Gorhendad took hold of the gunwales.  He would have liked a private word with Dahlia, or even to send a note, but Isumbras had had the last word on that subject some nights before: “What’s more important than home and family to a Hobbit?  And a Hobbit that dishonors both … well!”  Gorhendad could easily imagine what they’d say down the pubs when it got about he’d left the Shire ...

As the bow caught the current, Gorhendad climbed aboard and set his oars.  There at Stock, the Brandywine wasn’t wide, but it flowed swiftly.  Gorhendad put his back into it and, in but a moment, the western shore was a blur of early morning mist.  Still, the scrape of sand under the  prow caught him by surprise.

It hadn’t taken long to leave his life behind.  He hauled the dory up the bank as far as he could, then shouldered his pack before turning back one last time.

No matter what Isumbras might say in his absence, Gorhendad had always loved the Shire, loved it like his parents’ hole, loved it like the boys he’d grown up with – Isumbras among them – and the secret places they’d called their own, loved it like something he’d one day outgrow.

Turning, he surveyed fresh fields and banks of good earth crowned by the deep green of the Old Forest.

So, where to now?  Some place he could truly call home.

It was a long road that eventually led Gorhendad back to where he had started – almost.

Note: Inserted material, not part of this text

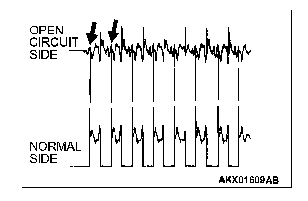 - Current is not supplied to the motor coil on the open circuit side. (Voltage does not drop to 0 volt.) Furthermore, the induced electromotive force wave pattern at the normal side is slightly different from the normal wave pattern.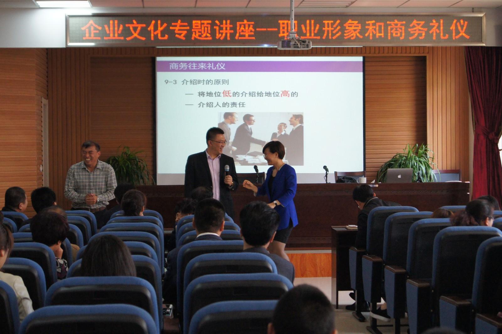 2015年5月15日,威海城建集團(tuán)組織了一場(chǎng)別開(kāi)生面商務(wù)禮儀的企業(yè)文化講座,王曉瓏?yán)蠋熞詸C(jī)智幽默的講演風(fēng)格為企業(yè)員工…

One spring day his wandering feet returned to the Brandywine, but no further, and, as he had that first dim morning, he surveyed the high downs of the eastern shore and this time found there all he at last recognized his restless heart desired – almost. 

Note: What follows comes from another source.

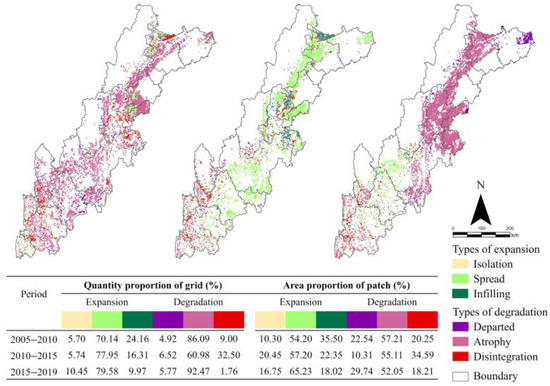 Atrophy is the predominant type among the three specific types of the degradation mode (Figure 7), indicating that degradation also mainly starts at the edge of the original ECA. In the last 15 years, for the departed type, the proportion of grid count increased from 4.92% to 5.77%, and the proportion of patch area increased from 22.54% to 29.74%, indicating that the spatial distribution of departed type tends to be more dispersed. For the atrophy type, the proportion of grid count increased from 86.09% to 92.47%, and the proportion of patch area decreased from 57.21% to 52.05%, indicating that the spatial distribution of the atrophy type tends to be more concentrated. Finally, for the disintegration type, the proportion of grid count decreased from 9.00% to 1.76%, and the proportion of patch area decreased from 20.25% to 18.21%, indicating that the distribution of this type tends to be more dispersed.

A Breelander merchant agreed to deliver a message, and soon the banks were swarming with Oldbucks wheeling barrows, planing logs, and ferrying much needed foodstuffs in from the Marish.

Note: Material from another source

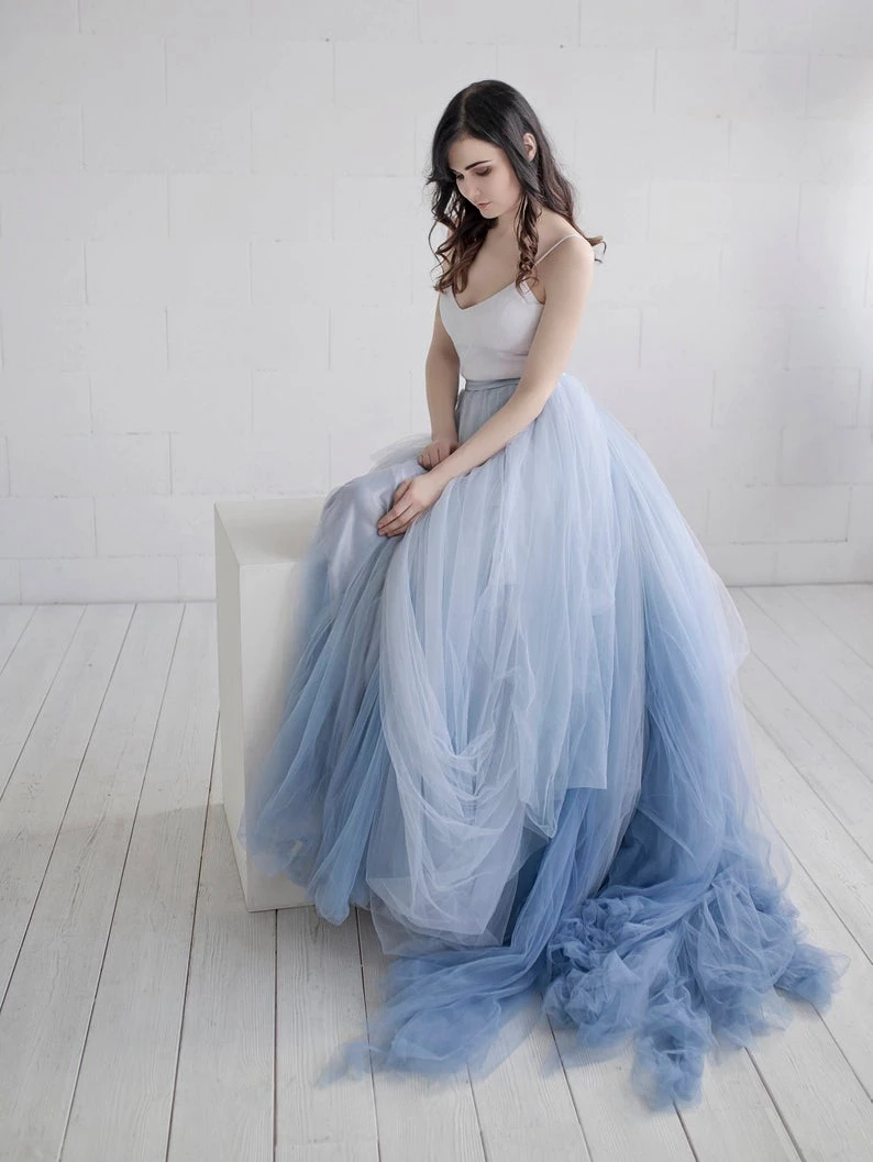 Свадебные юбки, кружевное и Тюлевое свадебное платье на заказ, окрашенное Омбре, свадебное платье пыльно-голубого цвета, свадебная юбка с открытой спиной и шлейфом

It was just before the first snows that Gorhendad gently took his mother’s arm and escorted her into their new home across a freshly sanded floor to take her usual chair before a crackling fire.  Together they held a quiet Yule, and kept themselves mostly to themselves through Winter, even as the splendor of their new surroundings grew night after night in the pubs and parlors across the river.

When Spring returned there was more digging and more building and more and more Oldbucks crossing over, but it was a quiet afternoon when Gorhendad came home to find Dahlia Took sharing a pot of tea with his mother.

Later, as the sun began to settle over Hobbiton, he walked her down to where a pony cart waited by the gate.

“I hear you’ve changed your name,” she murmured, as he politely handed her up.

“Aye,”  Gorhendad nodded, not trusting himself to say more.

“How’s that, then?”

“I knew I couldn’t ask you to share the old one.”

Dahlia pursed her lips for a moment, nodded, and then clucked to the pony and was gone.

But, as Gorhendad waved her out of sight, he knew he’d found all he could ever want of home in the brightness of her answering smile.